Using the material below, print the line that contains "Der Gesamtvorstand des", the line that contains "Ansicht Balkon und Stellplatz", and every line in between, exactly and nothing else.

## ENTRIES SHOWN
<<<<

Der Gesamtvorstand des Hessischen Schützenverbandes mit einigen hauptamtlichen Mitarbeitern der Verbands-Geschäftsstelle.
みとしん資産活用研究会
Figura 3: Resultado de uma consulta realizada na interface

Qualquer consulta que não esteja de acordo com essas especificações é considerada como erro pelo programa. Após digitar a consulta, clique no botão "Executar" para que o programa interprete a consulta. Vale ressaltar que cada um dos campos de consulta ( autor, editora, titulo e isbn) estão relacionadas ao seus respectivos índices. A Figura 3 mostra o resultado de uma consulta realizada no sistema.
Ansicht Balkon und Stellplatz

>>>>
<<<<

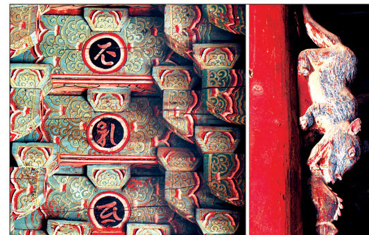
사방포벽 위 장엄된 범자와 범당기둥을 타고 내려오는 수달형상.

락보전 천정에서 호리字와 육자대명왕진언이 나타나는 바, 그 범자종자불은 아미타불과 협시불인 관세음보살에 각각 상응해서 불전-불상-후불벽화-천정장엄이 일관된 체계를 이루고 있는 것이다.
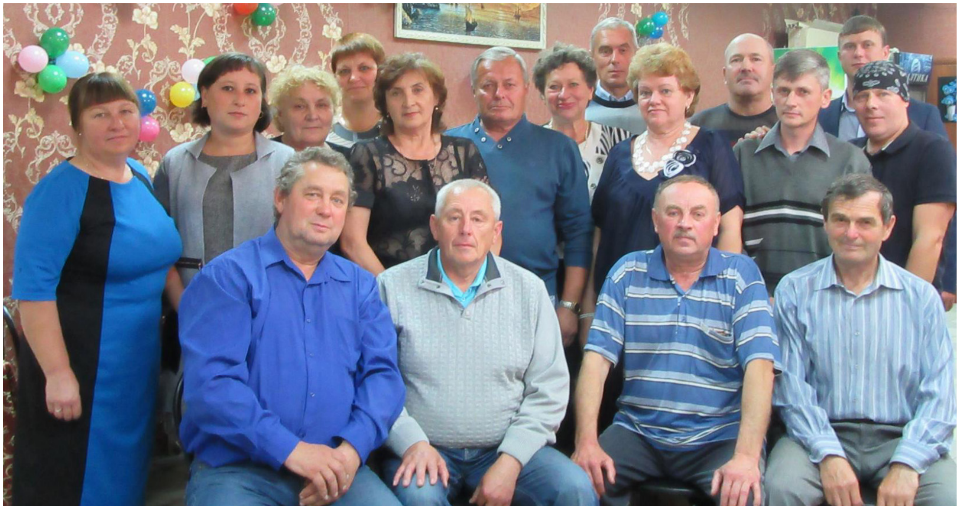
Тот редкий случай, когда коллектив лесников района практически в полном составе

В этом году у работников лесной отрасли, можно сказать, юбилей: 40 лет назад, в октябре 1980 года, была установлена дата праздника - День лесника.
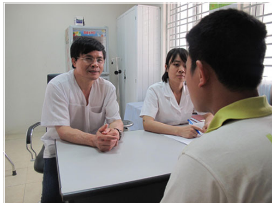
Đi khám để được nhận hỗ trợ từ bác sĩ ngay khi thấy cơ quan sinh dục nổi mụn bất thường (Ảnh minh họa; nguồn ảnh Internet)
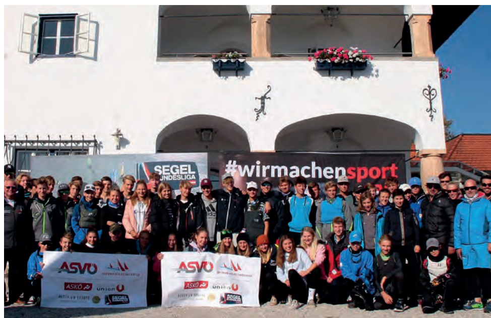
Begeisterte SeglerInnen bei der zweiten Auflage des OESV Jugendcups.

>>>>
<<<<

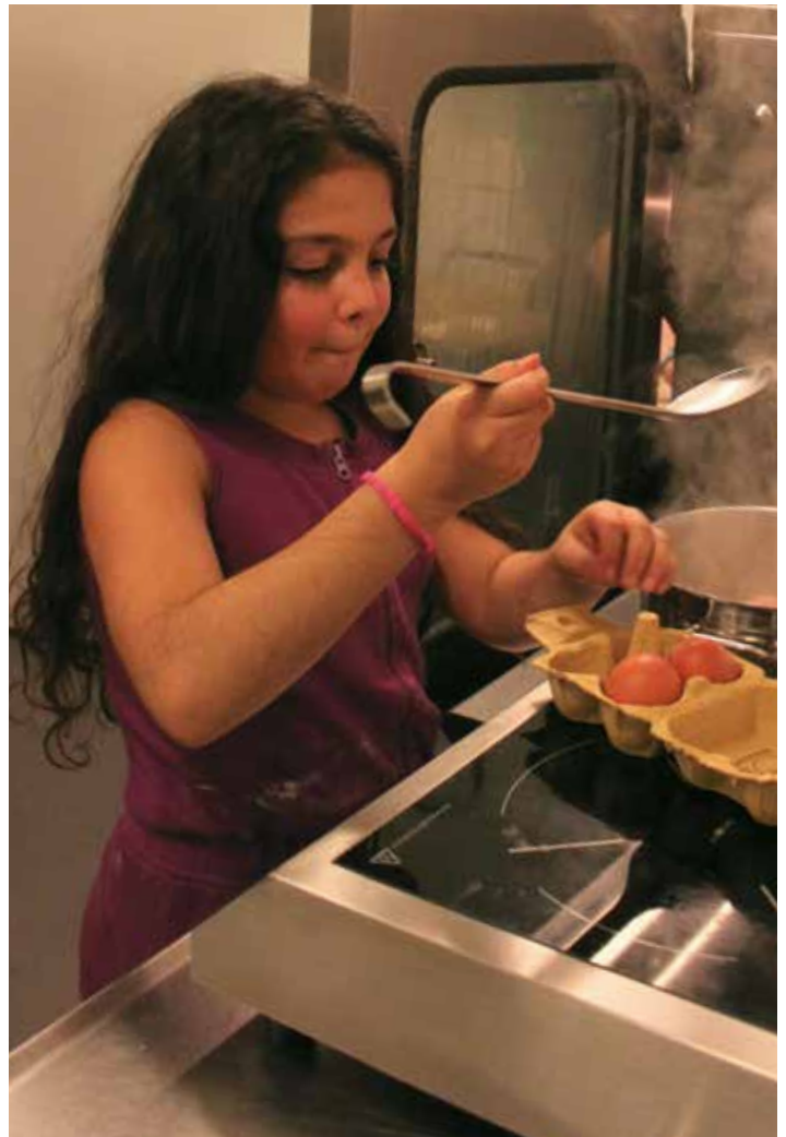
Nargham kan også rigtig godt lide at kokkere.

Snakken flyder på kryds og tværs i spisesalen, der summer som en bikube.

>>>>

## EXPECTED ANSWER
Der Gesamtvorstand des Hessischen Schützenverbandes mit einigen hauptamtlichen Mitarbeitern der Verbands-Geschäftsstelle.
みとしん資産活用研究会
Figura 3: Resultado de uma consulta realizada na interface

Qualquer consulta que não esteja de acordo com essas especificações é considerada como erro pelo programa. Após digitar a consulta, clique no botão "Executar" para que o programa interprete a consulta. Vale ressaltar que cada um dos campos de consulta ( autor, editora, titulo e isbn) estão relacionadas ao seus respectivos índices. A Figura 3 mostra o resultado de uma consulta realizada no sistema.
Ansicht Balkon und Stellplatz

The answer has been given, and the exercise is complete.